Thursday, August 6, 2009

Disordered and Increased Adrenocorticotropin Secretion with Diminished Adrenocorticotropin Potency in Obese in Premenopausal Women

Ferdinand Roelfsema, Petra Kok, Marijke Frolich, Alberto M. Pereira and Hanno Pijl

Department of Endocrinology and Metabolic Diseases, Leiden University Medical Center, 2333ZA Leiden, The Netherlands

Address all correspondence and requests for reprints to: Dr. Ferdinand Roelfsema, Department of Endocrinology and Metabolic Diseases, Leiden University Medical Center, Albinusdreef 2, 2333ZA Leiden, The Netherlands. E-mail:


Context: The pituitary-adrenal ensemble of obese humans is marked by increased urinary excretion of cortisol and its metabolites in the face of normal circulating cortisol levels. For better understanding of the (patho) physiological meaning of these changes, the mechanistic underpinnings need to be clarified.

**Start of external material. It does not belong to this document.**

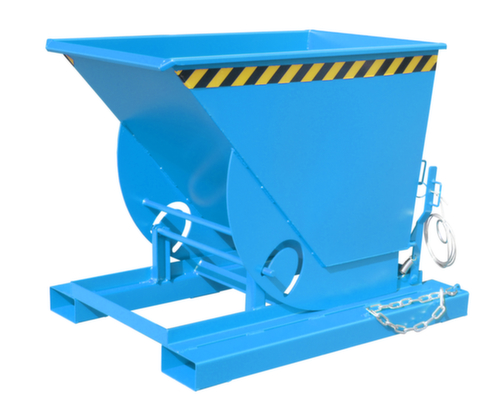 Der Kippvorgang wird bequem vom Fahrersitz aus per Zugseilentriegelung ausgelöst. Die Abrollkufen gewährleisten durch Ausnutzung des günstigen Lastenschwerpunktes eine sanftes Abkippen. Nach der Entleerung schwenkt der Kippbehälter automatisch wieder in die Ausgangsposition zurück und die Kippsicherung rastet wieder automatisch ein. Mit einer Sicherungskette an den Einfahrtaschen kann der Kippbehälter zusätzlich am Stapler gegen Abrutschen gesichert werden . Hohe Stabilität durch umlaufende gekantete Randverstärkung. Robuste Konstruktion aus Stahl mit Lackierung in RAL5012 Lichtblau. Zum einfachen Transportieren und Entleeren nehmen Sie den Kippbehälter einfach mit dem Stapler über die Einfahrtaschen auf und bringen ihn auf die gewünschte Position und erforderliche Höhe.

Intervention and Methods: We investigated 17 obese women [body mass index (BMI) 30–39.4 kg/m2] and 14 normal women (BMI, 18.3–24.8 kg/m2) who underwent 24-h blood sampling at 10-min intervals, and plasma ACTH and cortisol concentrations were measured with sensitive assays. Data were analyzed with a new deconvolution program, approximate entropy (ApEn) analyses, and cosinor regression.


Outcome: ACTH and cortisol production rates were higher in obese women than in controls and correlated with BMI. Secretion of ACTH correlated with leptin (R = 0.63; P = 0.0001) and insulin (R = 0.67; P = 0.0001). ACTH ApEn and forward ACTH-cortisol cross-ApEn were diminished in obese women. The half-maximal effective concentration (ED50) of ACTH pulses vs. cortisol pulses was higher in obese women (38.3 ± 4.9 vs. 25.1 ± 3.7 ng/liter; P = 0.03), indicating decreased potency of ACTH. The diurnal properties of ACTH and cortisol secretion were unchanged in obese females.


Conclusion: Obese women exhibit enhanced ACTH and cortisol 24-h production compared with lean controls. The amplified ACTH drive is accompanied by decreased secretory regularity and diminished forward coupling between ACTH and cortisol. In addition, the potency of ACTH is decreased in obesity.